**Data provided:**
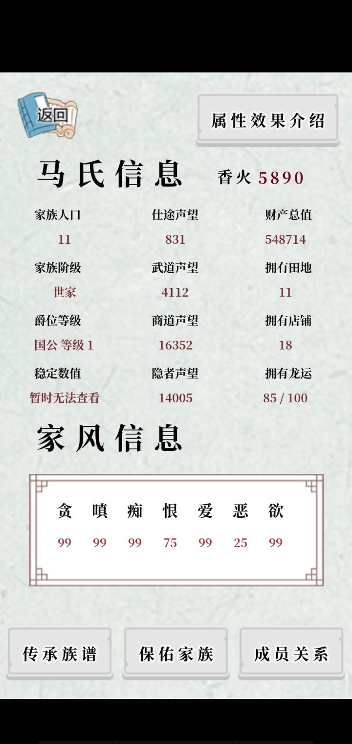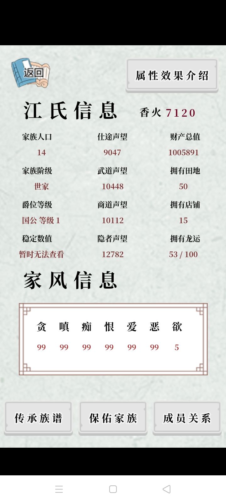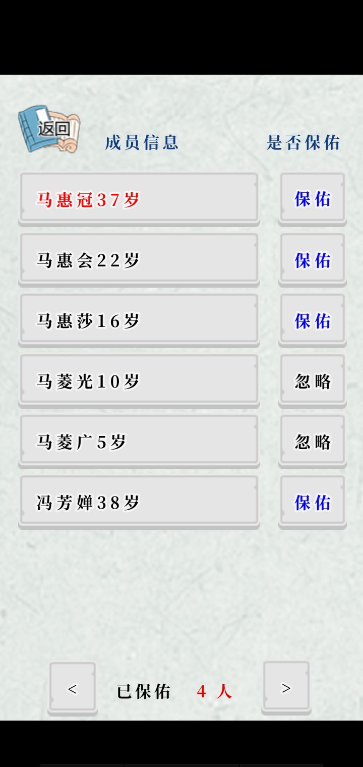 1.点存储本段家族故事到游戏文件夹,起先以为没反应,然后点重新开始,出去后回到历史回顾,把原有的家族覆盖了(我原来保存了一个邢氏的)。2.家族人口显示11人,在保佑里面只看到6个。
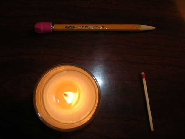 3. vela de cera (se puede también obtener cera normal y caliente sobre el lápiz)
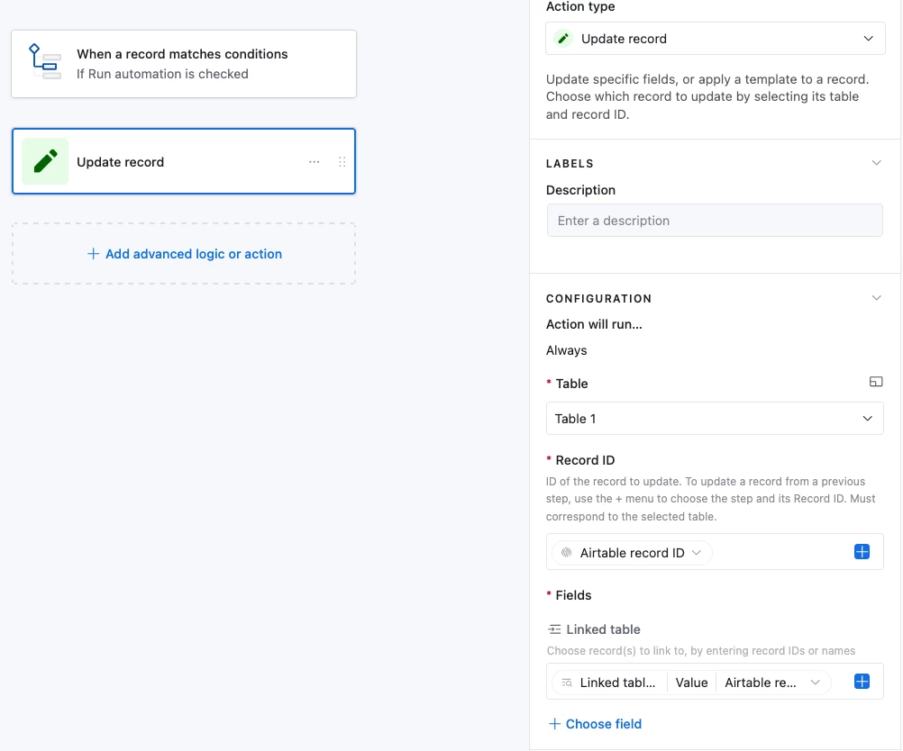 I would like to populate a linked filed with the lookup field coming from different table. How do I automate this

**Problem details:**
None of the pictures should appear, though every line of the data above must be reproduced exactly.

**Task result:**
 1.点存储本段家族故事到游戏文件夹,起先以为没反应,然后点重新开始,出去后回到历史回顾,把原有的家族覆盖了(我原来保存了一个邢氏的)。2.家族人口显示11人,在保佑里面只看到6个。
 3. vela de cera (se puede también obtener cera normal y caliente sobre el lápiz)
 I would like to populate a linked filed with the lookup field coming from different table. How do I automate this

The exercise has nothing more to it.